Participants at the roundtable included individuals living with hepatitis delta, caregivers, healthcare providers, public health professionals, and representatives from community-based organizations. The conversation was very generative and really underscored some of the key issues that exist around hepatitis delta, including gaps in awareness and knowledge among medical and high-risk communities and limited access to and availability of HDV screening and care. These factors lead to under-diagnosis and under-surveillance, making the production of accurate data difficult, which in turn complicates advocacy efforts, since compelling data is often a key ingredient for policy change that might make screening, treatment, and linkage to care more available and accessible.

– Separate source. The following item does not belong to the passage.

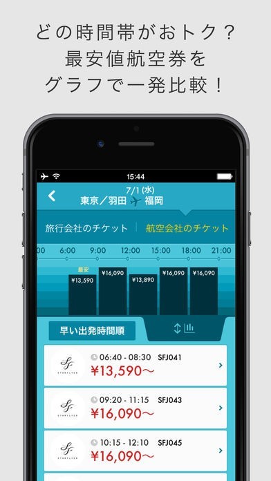 航空会社のチケットと旅行会社のチケットをそれぞれ分けて見ることが出来て好きな方を選択可能

The ultimate planned outcome of this virtual event will be production of a white paper that will highlight key takeaways from the discussion, clearly outline unmet needs and priority issues for people living with HDV, and detail calls to action for stakeholders at every level to meet these needs and overcome some of the significant barriers and challenges that persist in diagnosing, managing, and treating HDV.

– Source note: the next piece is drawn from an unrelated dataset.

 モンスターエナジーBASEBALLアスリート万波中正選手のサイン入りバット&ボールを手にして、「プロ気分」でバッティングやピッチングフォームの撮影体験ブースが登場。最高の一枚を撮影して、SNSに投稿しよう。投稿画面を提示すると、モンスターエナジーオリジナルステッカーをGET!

Another goal of the meeting was to begin to develop resources that can better support and engage the larger community around HDV awareness and advocacy – a first step toward this goal will be creation and dissemination of a visually appealing infographic, which will provide at-a-glance information about HDV and its estimated prevalence, transmission, prevention, testing, and treatment.

The white paper and infographic are expected to be complete by early summer 2022. The organizers of this roundtable meeting are hopeful that its outcomes will bring hepatitis delta virus more into focus for various stakeholder communities and generate more engagement and energy around this dangerous virus that has long been neglected and is not receiving the attention it deserves.